Wednesday, November 15, 2023

reflections on health, ageing and stuff…

I’ve been mulling over all sorts of health-related matters over recent days… and, hey, I’m well aware that there are LOTS of other urgent world issues that also need our thoughts at the present time.
As you might imagine (if you know me), these reflections are incredibly muddled, inconclusive and incomprehensible… but I felt the need to scribble them down (to prove to myself how little I know about such matters!)(I’m not asking for people to point out that I’m wrong!).
Here’s the context (and these are just three examples close to my heart):
1. Many of us are aware of how badly children’s mental health has been affected by Covid lockdowns and its repercussions. Some of our grandchildren have certainly struggled in this regard. After retirement from my architectural practice, I worked at a secondary school for six years (until 2011) and was frequently involved in making CAMHS (Child and Adolescent Mental Health Services) referrals. At that time, waiting lists were in the order of 6-7 weeks. Today, 12 years on, I understand those waiting times are now in the order of 2 YEARS.    
2. Moira was diagnosed with Parkinson’s Disease (PD) in 2022 (first suspected in 2021). She had an appointment with her Registrar and Consultant in May 2022 and they promised to see her again in 3-4 months’ time. More than 18 months later, this still hasn’t happened (despite pressure from the PD Nurse on her behalf)… so, apart from the PD Nurses’ occasional notes, they have absolutely no idea how Moira is coping. Fortunately, Moira’s medication has proved to be helpful in coping with key aspects of her condition, but nevertheless… Moira and I are regular followers of the brilliant weekly “Movers+Shakers” podcast about PD and it seems that again and again people report that they’ve only managed to see their consultants once a year at the most. It really shouldn’t be like this but, no doubt, resources (staff and funding) are stretched to their limits.
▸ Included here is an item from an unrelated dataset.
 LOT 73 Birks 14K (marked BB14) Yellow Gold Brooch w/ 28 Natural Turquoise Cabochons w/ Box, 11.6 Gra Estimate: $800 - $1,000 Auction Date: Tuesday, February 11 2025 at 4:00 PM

3. I’m currently struggling to walk. I need another hip replacement (my right hip was ‘done’ some 9 years ago – and very successful it has proved). I’ve been ‘referred’, but am currently in limbo land as I await contact from Musculoskeletal (MSK) team (waiting times are now ‘longer than anticipated’). Nine years ago, it took something like 7 weeks from referral to operation. These days, I’m told it’s more like two years (but I’ve actually no idea as to my current position in the queue). In the meantime, I walk with a stick and my ability to walk any distance beyond half a mile is very limited. My condition is both depressing and debilitating. Yes, apparently, I could ‘go private’ for something like £15,000 and be treated within 4 weeks… but this is against my principles (in these days of the NHS, why should we discriminate between those who can afford and those who can’t?). Yes, no doubt there will be many who will disagree with me.
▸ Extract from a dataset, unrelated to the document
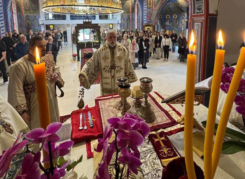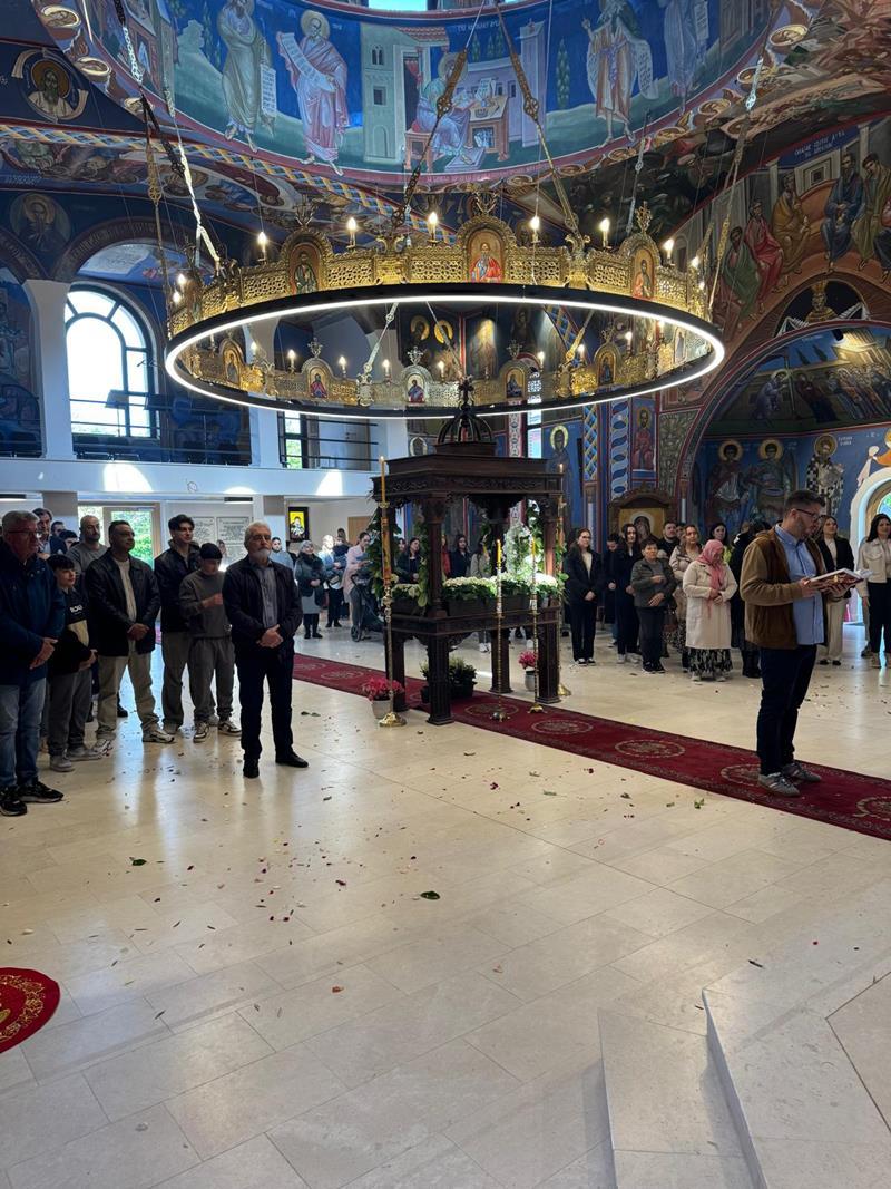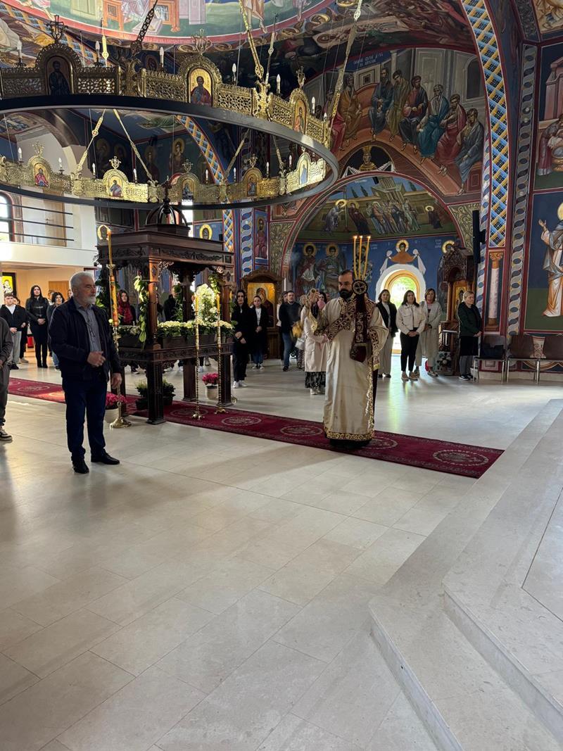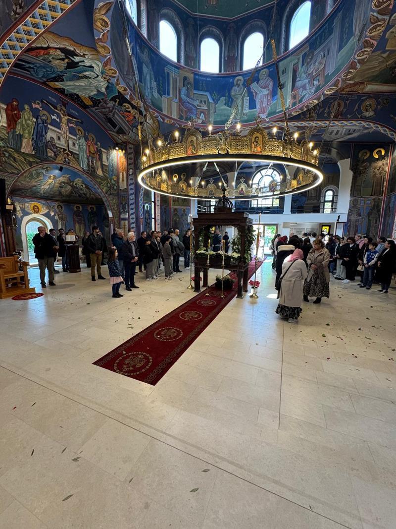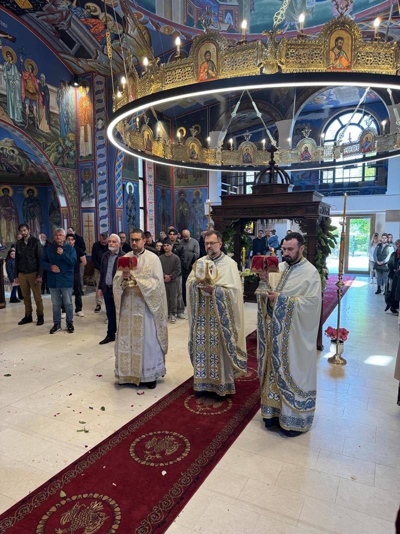 На Велику суботу, 19. априла 2025. године, Његово Високопреосвештенство Архиепископ диселдорфско-берлински и Митрополит немачки г. Григорије служио је свету Литургију у Саборном храму Светог Саве у Диселдорфу.

Of course, thanks to amazing scientific advancements, life expectancy in the UK has risen by almost 10 years in the past 50 years (currently 81 years compared with 72 in 1975, apparently). The population is getting older and we have the ability to treat them (in some form or other)… if we WANT to.
But health and welfare is an expensive business and, perhaps unsurprisingly, for the past dozen years or so, the UK’s Conservative government has seemed prepared to underfund the NHS and exert pressure on people to take up private healthcare (thereby jumping the queues etc). So, whilst the NHS has the ability to undertake a wide range of measures, lack of funding has meant that what funds have been allocated are more thinly spread… resulting in staffing levels being reduced (and overworked and stressed workers), waiting times increasing alarmingly and, almost inevitably, staff leaving the NHS (not to mention the EU doctors and nurses who have departed since Brexit).
It’s a nightmare scenario for politicians and administrators alike. What SHOULD the priorities be? Regular evaluations and monitoring of a PD patient, for example, are vital for appropriate prognosis and treatment. Such evaluations aren’t happening at present… A two year waiting list for children with mental health issues is two YEARS of their childhood, for goodness sake… Of course, for example, people awaiting cancer treatment should come before me and my hip replacement, but…
For me (and I appreciate that - in this world of climate crisis, wars and cost of living issues - there are LOTS of areas requiring extra funding!), raising taxes to pay for effective NHS and Social Welfare services seems like the ONLY appropriate measure… and yet we have currently have a government that has a philosophy of actually REDUCING taxes.
What hope is there?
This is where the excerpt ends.